We’ve been having a lot of conversations like this lately. With our first two kids, we bottle-fed. This meant that we split the night feedings equally. But with Aspen, Mel has been breast-feeding, which I completely respect. However, it has placed the majority of the nighttime burden on Mel.
This is not to say that I don’t get up two or three times in the night to change Aspen’s bum, or wake up when the baby cries and struggle to go back to sleep, or walk down the hall to soothe one of our other two kids in the night. And it’s not to say that I don’t struggle to get up at 5:30 or 6AM every morning for work. Fact is, I am still not sleeping well, and I am still sleepy during the day. I struggle to stay awake on my commute, and at work. Everyday I hear, “You look tired” from coworkers.
But I am sleeping better than Mel. It’s a fact. Naps aren’t aways possible because we have three small kids, but when one is, I give it to her. On Saturday morning, I get up with the kids and let her sleep as late as she wants. Any opportunity I can to help let her sleep more, I give it to her. But none of this changes the fact that having a new baby is stressful and exhausting on both of us.
Mel is still tired.
I am still tired.
I reached out and gripped Mel’s hand. “Babe, I get it. You are getting way less sleep than I am. I know that. But I’m still not sleeping as much as I’d like. It’s getting to the point where I sometimes drift off at my desk.
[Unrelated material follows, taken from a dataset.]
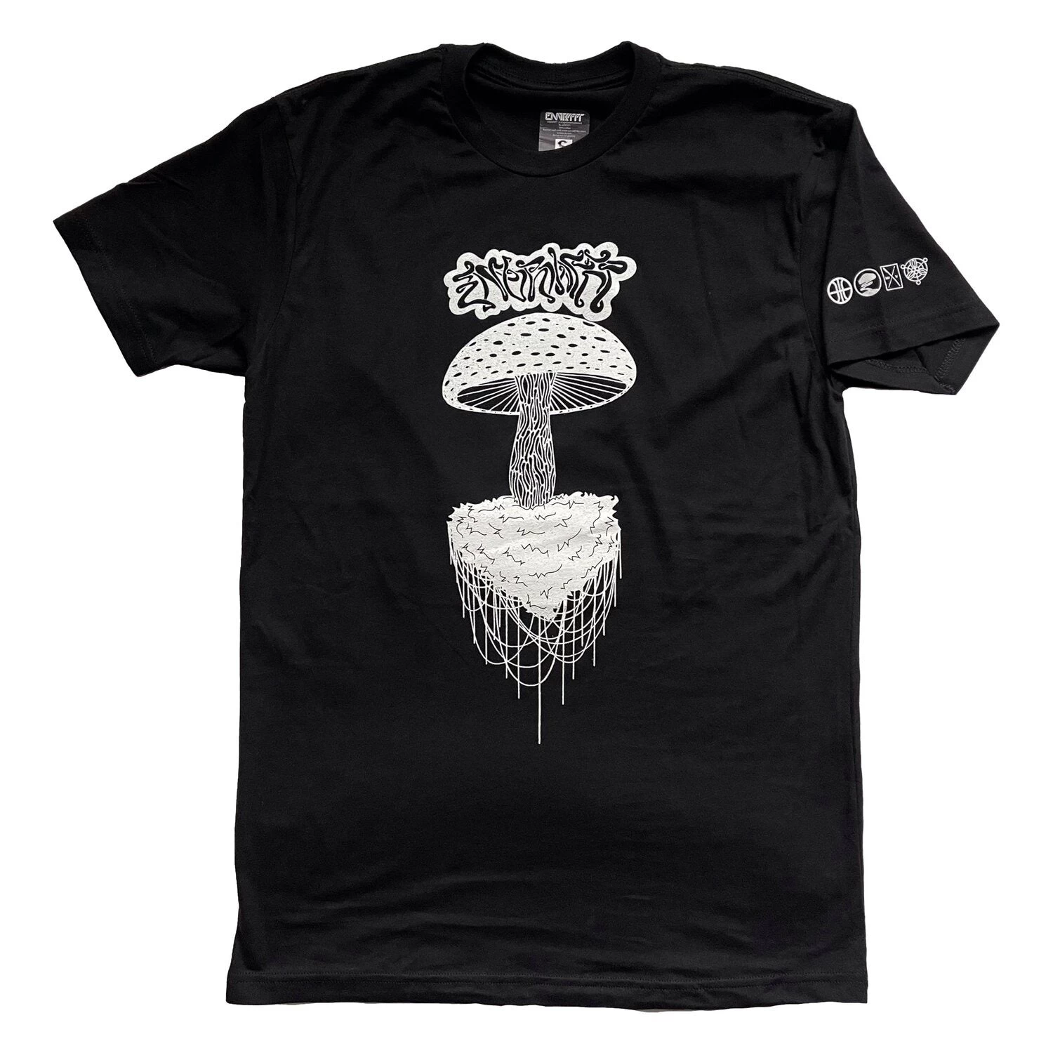 The Floating Mushroom Tee introduces some floating fungal freshness into the ENGRAFFT line. With a unique airborne mushroom that combines several different “Living” graphic art styles. In this latest floating nature formation design, the frequently featured dripping, hanging “Wiredrips” style takes the form of mycelium, mushroom’s underground root-like structure of fungus. Also incorporating a far out, psychedelic inspired font that reads “ENGRAFFT” to enhance the trippy shroomy design. 00% Airlume combed and ring-spun cotton 4.3 ounce tee

I don’t know what else to say. This isn’t a competition. It’s a partnership. Just because you are sleeping less than I am doesn’t change the fact that I’m still tired.”
We drove in silence for a little while. Mel didn’t say that I was right. She didn’t show that she agreed or disagreed.
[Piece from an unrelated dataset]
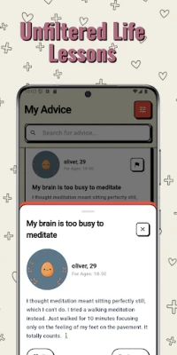 Welcome to My Advice-the anti-algorithm app. We connect you with a library of life experience, shared by older generations for you. No gurus, no fluff, just raw, honest wisdom from people who have actually lived it.

Once we reached the birthday party Mel walked Tristan to the door while I waited with the kids. Once she got back in the car, I said, “I really respect what you are doing. You don’t have to breastfeed, but you want to, and you have stuck with it. I know that you aren’t sleeping well because of it, and I’m sorry. But I am really impressed.”
“Thanks,” Mel said. “I love you.”
“I love you, too.”
“Can we stop making this out to be a competition?” I asked.
Mel thought about it for a moment. Then she said, jokingly, “I’m not saying that I will try. But I will try to try.”